Best practice for VMware LUN size

I was asked this question today.  Its one of my favorite questions to answer but I’ve never wrote it down.  Today I did so here it is.  Let me know if you agree or if you have other thoughts.

For a long time VMware’s max LUN size was 2TB.  This restriction was not a big issue to many but some wanted larger LUN sizes because of an application requirement. In these cases it was typically one or only a few VM’s accessing the large datastore/LUN.  vSphere 5 took the LUN size limit from 2 TB to 64TB.  Quite a dramatic improvement and hopefully big enough to satisfy those applications.

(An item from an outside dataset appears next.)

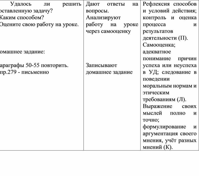Рефлексия способов и условий действия; контроль и оценка процесса и результатов деятельности (П). Самооценка; адекватное понимание причин успеха или неуспеха в УД; следование в поведении моральным нормам и этическим требованиям (Л). Выражение своих мыслей полно и точно; формулирование и аргументация своего мнения, учёт разных мнений (К). |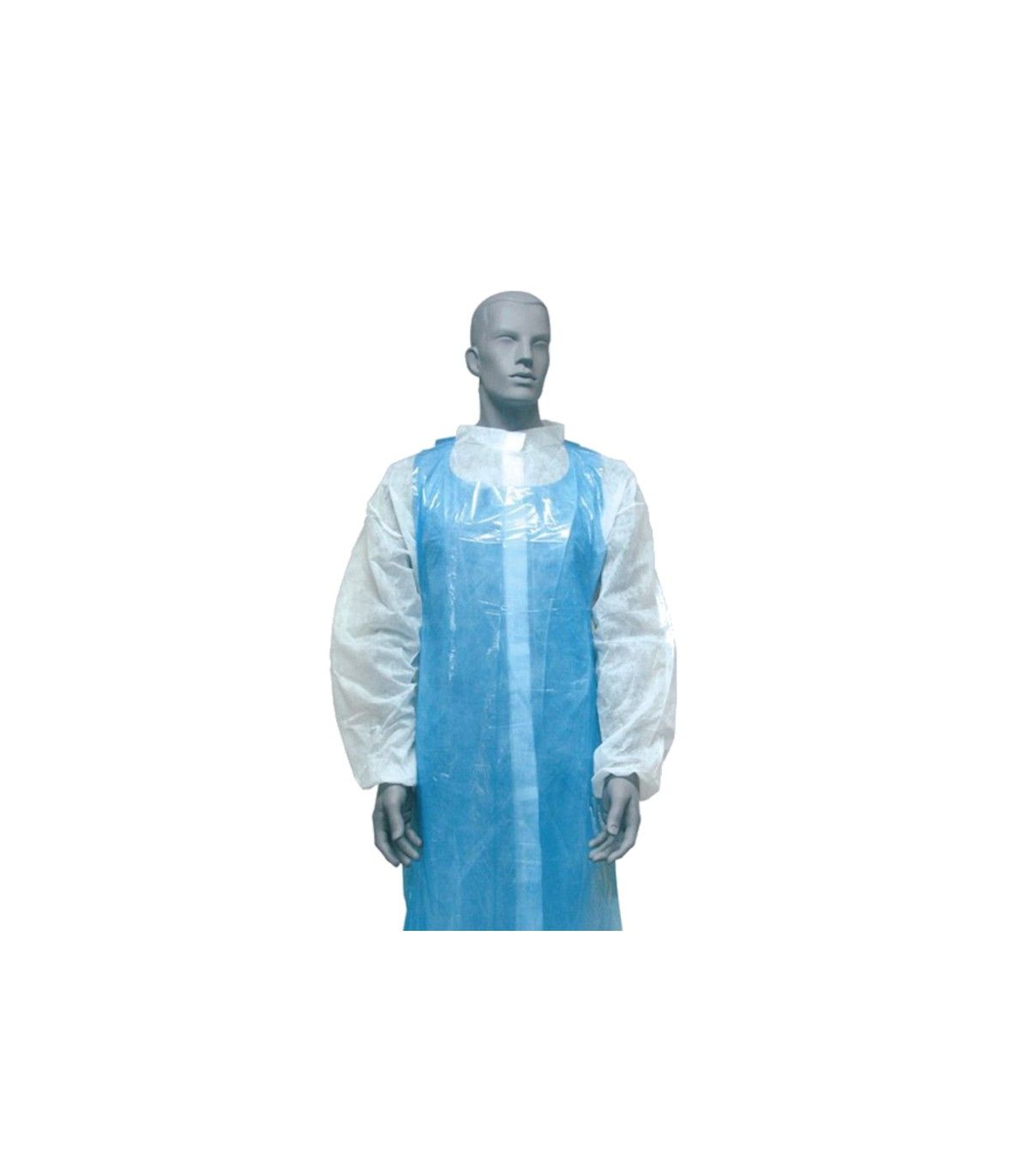 Blue disposable apron for single use.

For general purpose VMs, prior to vSphere 4.1, the best practice was to keep LUN sizes smaller than 2TB (i.e. even though ESX supports 2TB LUNs, don’t make them that big).  500GB was often recommended.  1TB was OK too.  But it really depended on a few factors.  In general, the larger the LUN the more VM’s it can support.  The reason for keeping the LUN sizes small in the past was to limit the number of VM’s per datastore/LUN.  The implication of putting too many VM’s on a datastore/LUN is that performance would suffer.  First reason is that vSphere’s native multipathing only leverages one path at a time per datastore/LUN.  So if you have multiple datastores/LUN’s then you can leverage multiple paths at the same time.  Or, you could go with EMC’s PowerPath/VE to better load balance the IO workload.  Second reason is with block storage for vSphere 4.0 and earlier there was a hardware locking issue.  This meant that if a VM was powered on, off, suspended, cloned,… then the entire datastore/LUN was locked until the operation was complete thus freezing out the other VM’s utilizing that same datastore/LUN.  This was resolved in vSphere 4.1 with VAAI Hardware Offload Locking assuming the underlying storage array supported the API’s.  But before VAAI, keeping the LUN sizes small helped administrators limit the number of VM’s on a single datastore/LUN thus reducing the effects of the locking and pathing issues.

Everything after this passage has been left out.